Cong-lam-san adalah pangkalan Coan-cin-kau, mereka berani naik ke sini sudah tentu tujuannya hendak menyatroni golongan agama kita, mana boleh kita tidak berjaga2? Tetapi aku dan Ong-sute masih kuatir kabar itu tidak benar, kami selidiki pula melalui pihak ketiga, tapi nyata hal itu bukan bikinan belaka dan memang sungguh2.
Cuma maksud tujuan mereka ke Cong-lam-san ternyata bukan menyatroni agama kita, melainkan mempunyai maksud tertentu terhadap Siao-liong-Ii yang tinggal di dalam kuburan kuno itu.”
Kwe Ceng menjadi heran oleh cerita ini.
“Dia hanya satu dara cilik yang selamanya tidak pernah keluar pintu pula, kenapa para penyatron itu bisa ikat permusuhan dan taruh dendam padanya?” tanyanya dengan tidak mengerti
“Memang apa sebab musabab yang sebenarnya di belakang layar itu, kita adalah orang luar, maka tidak begitu jelas,” sahut Khu Ju-ki. “Tetapi dasar Ong-sute paling suka cari tahu, dia telah menyelidiki ke mana2, akhirnya diketahui bahwa peristiwa itu sengaja diusik dan dikobarkan oleh Siao-liong-li punya suci (kakak seperguruan perempuan) sendiri.”
“Ha, Jik-lian-sian-cu Li Bok-chiu?” sela Kwe Ceng heran.

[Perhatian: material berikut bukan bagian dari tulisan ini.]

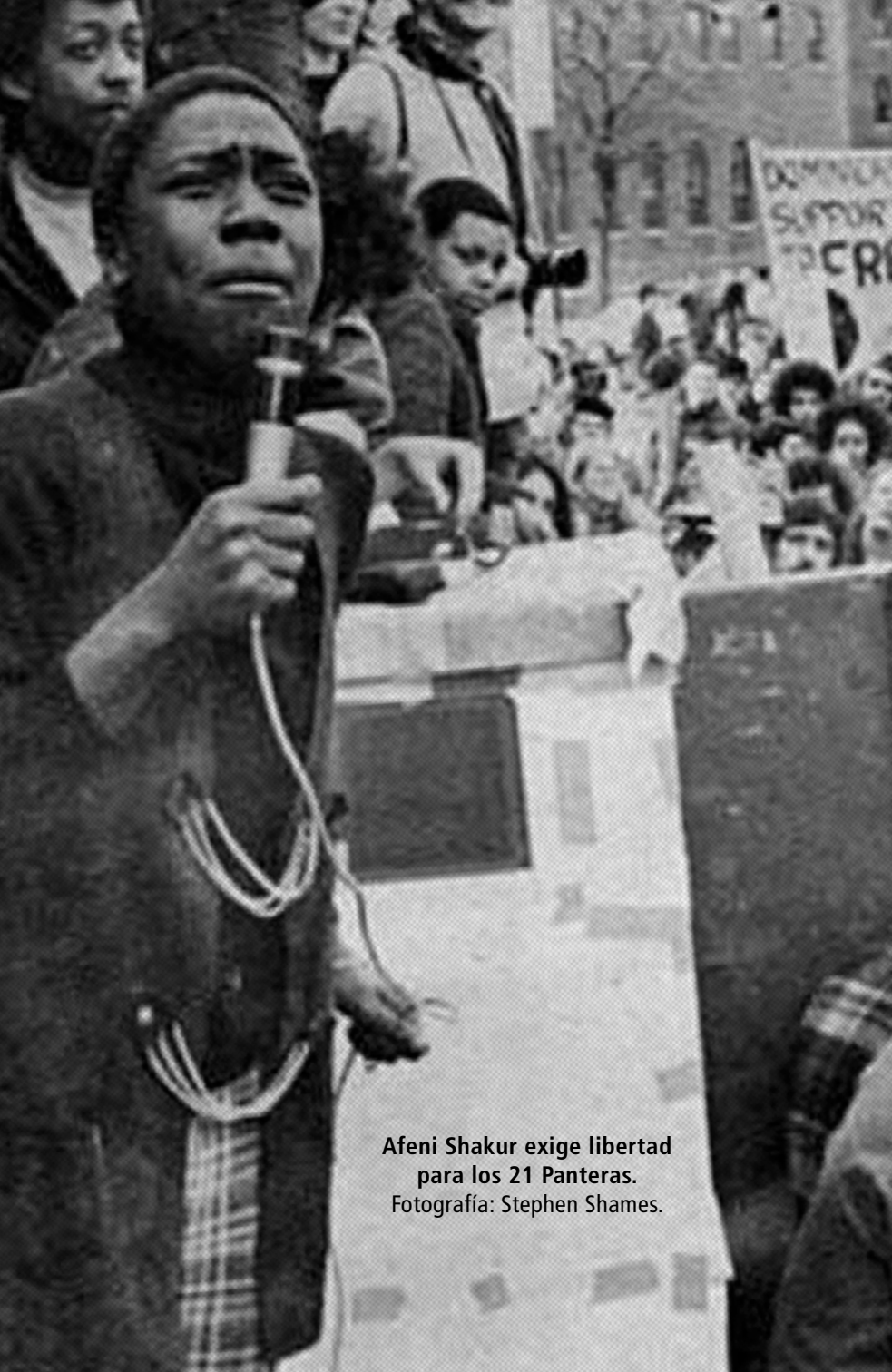
Afeni Shakur exige libertad para los 21 Panteras.
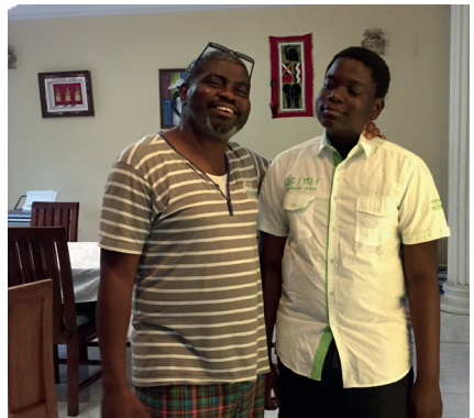
Avec mon fils chez moi à Goma
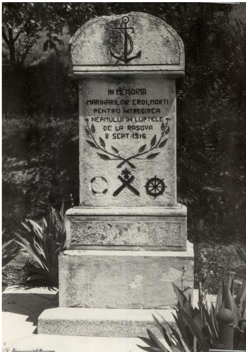
Monumentul marinarilor eroi căzuți la Rasova la 8 septembrie 1916 aflat în parcul expozițional al Muzeului Național al Marinei Române (The Romanian National Naval Museum - Memorial of the Heroes who died on Rasova, 1916, September 8 th )
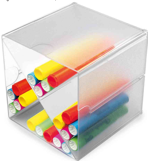
Organisationsboxen Cube, 4 Fächer mit X-Trennung
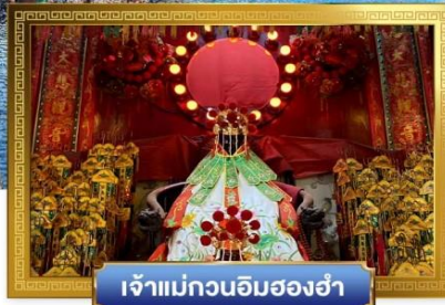
เจ้าแม่กวนอิมฮ่องฮ่า
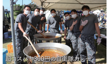
超ユスバ！300円の自衛隊カレー
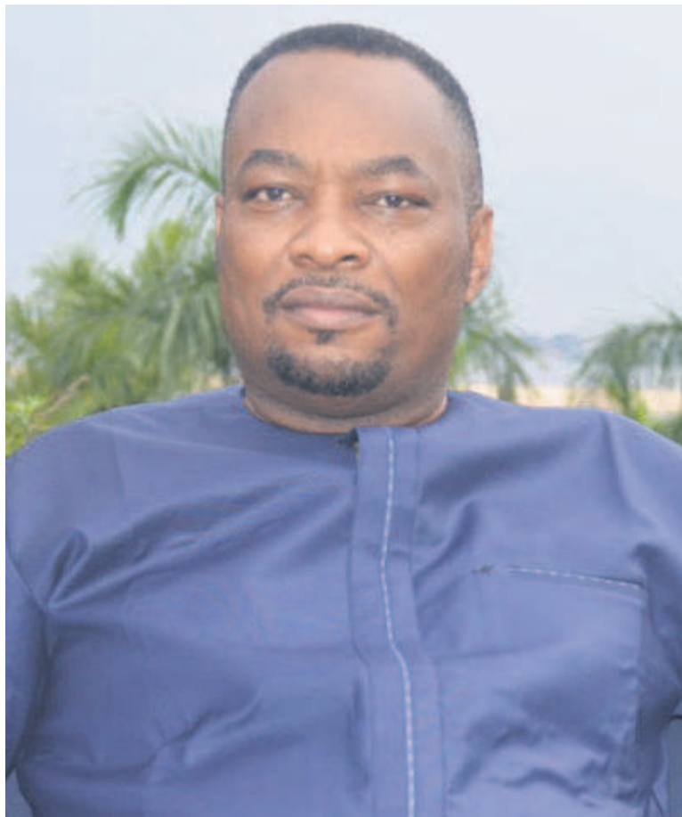
Le ministre en charge de la Santé de la RDC en séjour de travail à Brazzaville

Pour harmoniser les vues à l'échelle continentale, les ministres en charge de la Santé se sont réunis à Addis-Abeba, le 22 février, pour informer les Etats membres de la situation sanitaire actuelle face à la menace du coronavirus. En séjour de travail, le ministre de la Santé de la RDC a échangé avec le bureau ré-
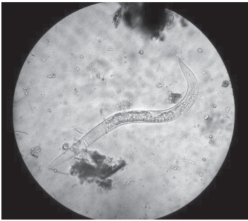
Fig. 7. Nemátodo fotografiado a 400x, en heces fecales de C. mumia chrysalis .

Una gran actividad bacteriana se hizo presente en todas las muestras, la que podría ser una fuente de ayuda complementaria en la síntesis de nutrientes. La presencia de nemátodos (Fig. 7) resultó en 0,75% (N= 15 C). Otras representaciones de fauna endógena observadas fueron protozoos ciliados. La presencia de nemátodos en las heces de moluscos terrestres ha sido reportada por Díaz-Piferrer (1961) para Polymita muscarum Lea.
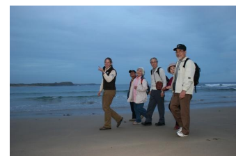
▲レンジャーとの質疑応答
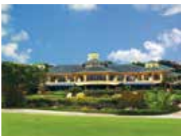
1. Rancamaya Golf & Country Club Jakarta, Indonesia
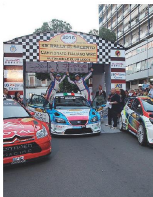
L'ARRIVO Il podio in piazza Mazzini

RALLY DEL SALENTO UN PERCORSO PIENO DI INSIDIE CHE HA COSTRETTO MOLTI A NON PORTARE A TERMINE LA GARA
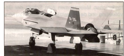
Prototyp X-35B STOVL (short take off/vertical landing).

Die Indienststellung der ersten von 609 Kampfflugzeugen Lockheed Martin F-35C (JSF, Joint Strike Fighter) ist ab 2008 vorgesehen.
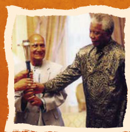
Nelson Mandela , nositeľ Nobelovej ceny mieru
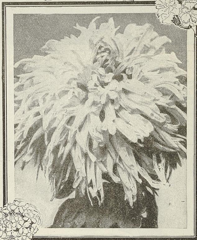
Chrysanthemo "Biche", uno de los magníficos ejemplares presentados en la Exposición de Flores, inaugurada ayer

Aquel señor había visitado las Gotas de Leche los Asilos Maternales, La Cruz Roja, los dispensarios de la Asociación de Señoras contra la Tuberculosis, etc., etc. y fácilmente se comprende que estas visitas a los centros filantrópicos, donde nuestras damas despliegan todo el celo
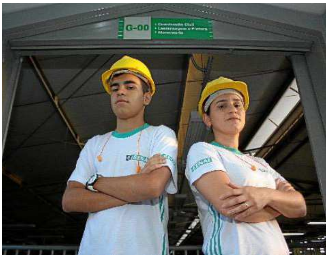
Para o presidente da CNI, Robson Braga: "Sem trabalhadores qualificados, demoraremos para sair da crise"

Segundo Nogueira, o processo negocial evoluiu no início, mas estacionou há três semanas. "A expectativa é de que a ameaça de uma medida provisória reduzindo as alíquotas do Sistema S esteja descartada, até porque isso causaria embate no Congresso, e a redução da receita traria transtorno operacional e a diminuição de serviços oferecidos à população. Esperamos que o governo possa resolver a questão sem se intrometer no
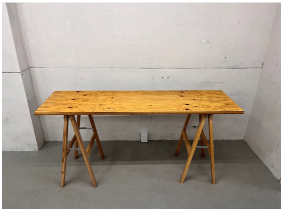
種別：テーブル（セパレートタイプ） 個数：6 詳細：W :1,500mm xD :445mm xH :700mm

“Ya, tidak salah,” kata Khu Ju-ki. “Katanya sesudah Suhu mereka mengajarkan ilmu silat beberapa tahun pada Li Bok-chiu, kemudian dapat dilihatnya bahwa jiwa perempuan itu tidak baik, maka dengan alasan sudah tamat belajar, Li Bok-chiu lantas disuruh turun gunung.
“Diwaktu gurunya masih hidup, meski Li Bok-chiu sudah banyak melakukan kejahatan, namun masih rada jeri, tapi sesudah gurunya mati, ia lantas pakai kedok hendak melayat buat serbu ke dalam kuburan itu, ia bermaksud usir sang Sumoay dan mengangkangi semua benda mestika yang tersimpan di dalamnya.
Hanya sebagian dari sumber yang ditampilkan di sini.